[Supplied material — start]

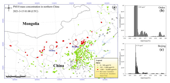 Figure 9 showed that the observed PM10 mass concentration data marked in red in North China is much higher than those from stations marked in green at 1:00 15 March 2021, indicating northern China as the main affected areas of the dust storm. Figure 9b,c showed the variation of PM10 concentration during the dust storm represented by Ordos and Beijing, respectively. The Maximum PM10 concentration at Ordos was 9985 μg/m3 from 20:00 14 March to 10:00 15 March, and that at Beijing it reached 9753 μg/m3 at 01:00 15 March, which was consistent with that observed by the satellite monitoring.
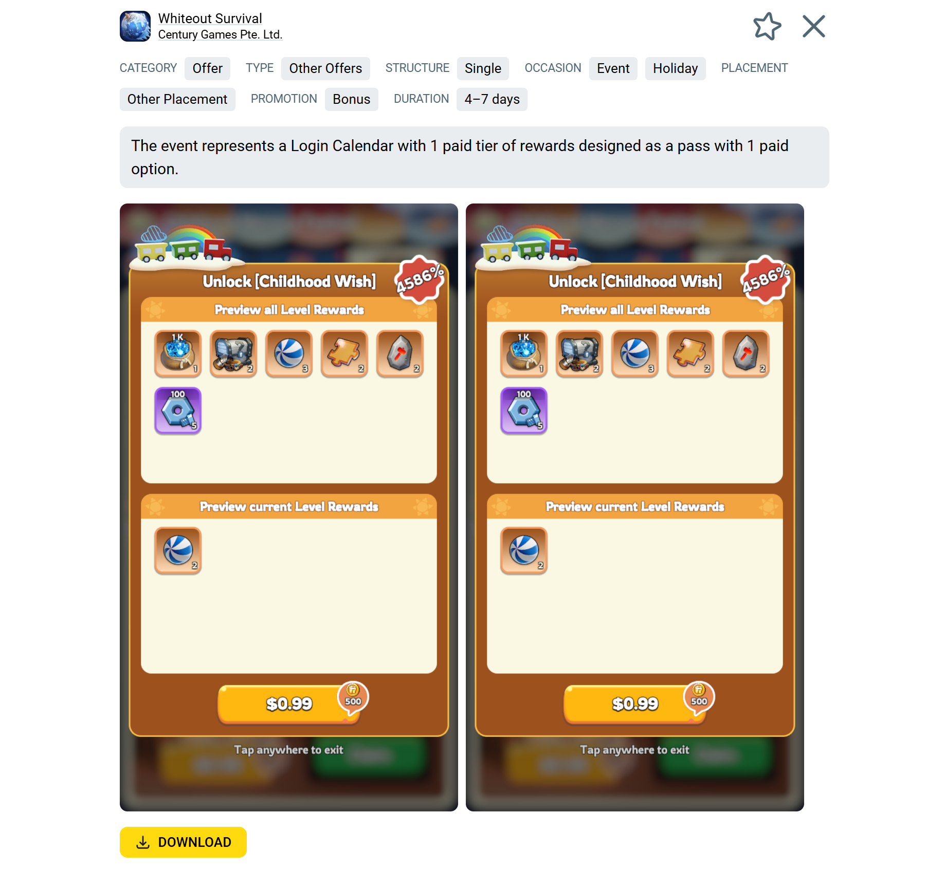 Offers are more likely to appear at the completion of a major upgrade, building on the sense of progression and flow. For example, State of Survival strategically places the time-limited Hero Offer on day 7—after some significant progression is achieved—rather than rushing it. Timing is crucial, and the goal is to ensure players are engaged enough before converting them. The first offers are often relatively cheap, serving as a low-risk introduction before players encounter more substantial monetization steps.
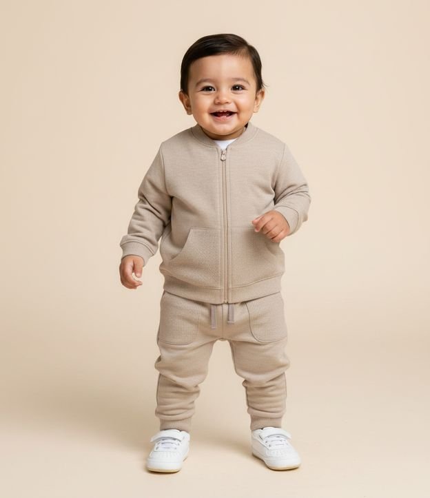 • Jaqueta Infantil em Moletom Waffle com Zíper – Tam 0 a 18 Meses Bege 1
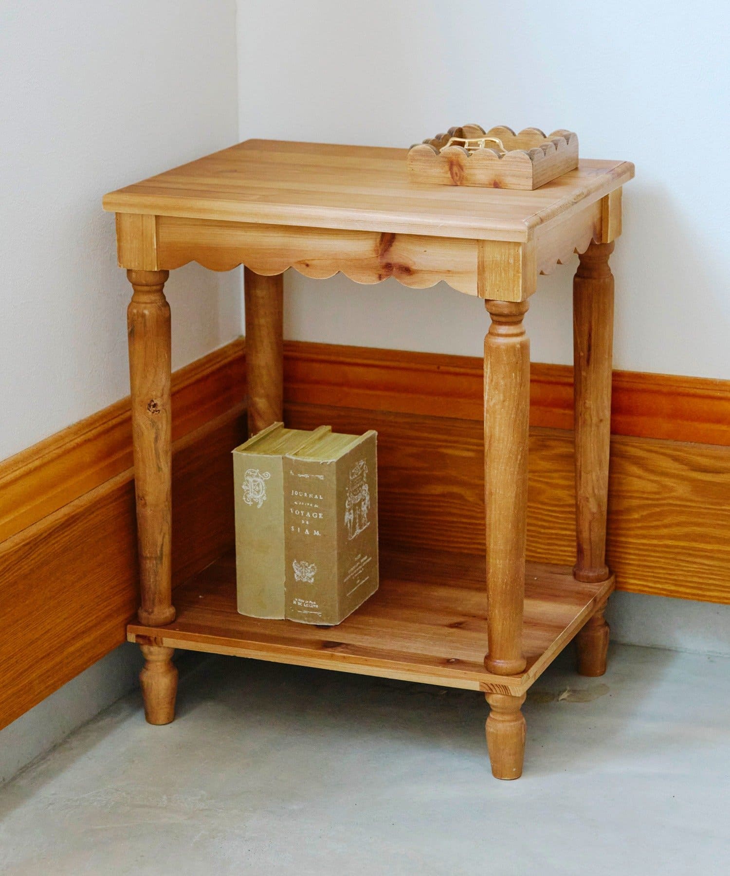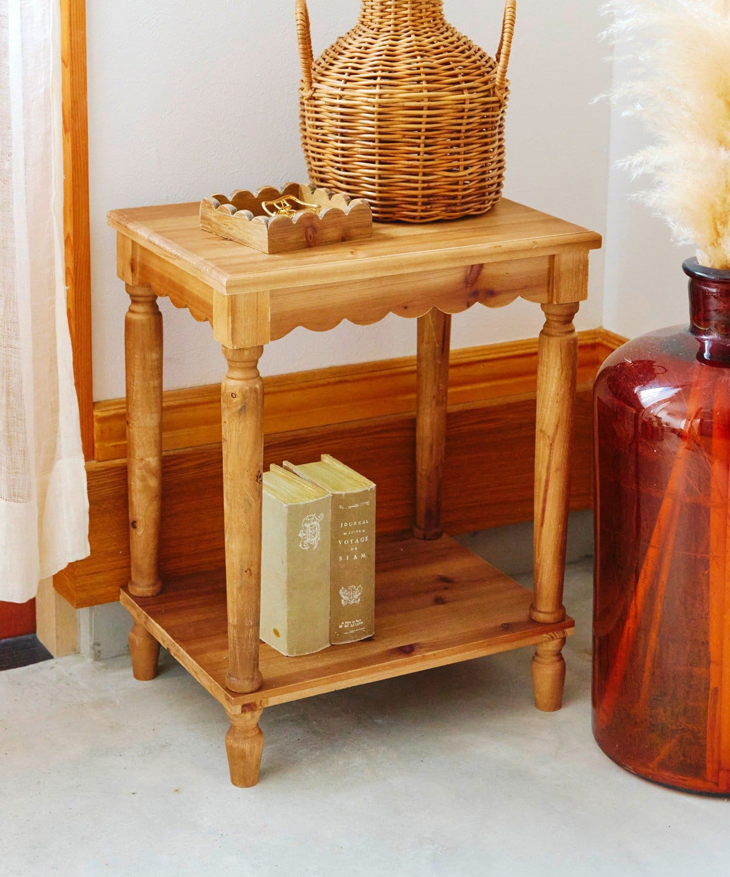 ●スカラップの波型縁取りが可愛い木製サイドテーブル。

[Supplied material — finish]

Assignment
Every line of the material must be returned exactly; leave the images out.

Response
 Figure 9 showed that the observed PM10 mass concentration data marked in red in North China is much higher than those from stations marked in green at 1:00 15 March 2021, indicating northern China as the main affected areas of the dust storm. Figure 9b,c showed the variation of PM10 concentration during the dust storm represented by Ordos and Beijing, respectively. The Maximum PM10 concentration at Ordos was 9985 μg/m3 from 20:00 14 March to 10:00 15 March, and that at Beijing it reached 9753 μg/m3 at 01:00 15 March, which was consistent with that observed by the satellite monitoring.
 Offers are more likely to appear at the completion of a major upgrade, building on the sense of progression and flow. For example, State of Survival strategically places the time-limited Hero Offer on day 7—after some significant progression is achieved—rather than rushing it. Timing is crucial, and the goal is to ensure players are engaged enough before converting them. The first offers are often relatively cheap, serving as a low-risk introduction before players encounter more substantial monetization steps.
 • Jaqueta Infantil em Moletom Waffle com Zíper – Tam 0 a 18 Meses Bege 1
 ●スカラップの波型縁取りが可愛い木製サイドテーブル。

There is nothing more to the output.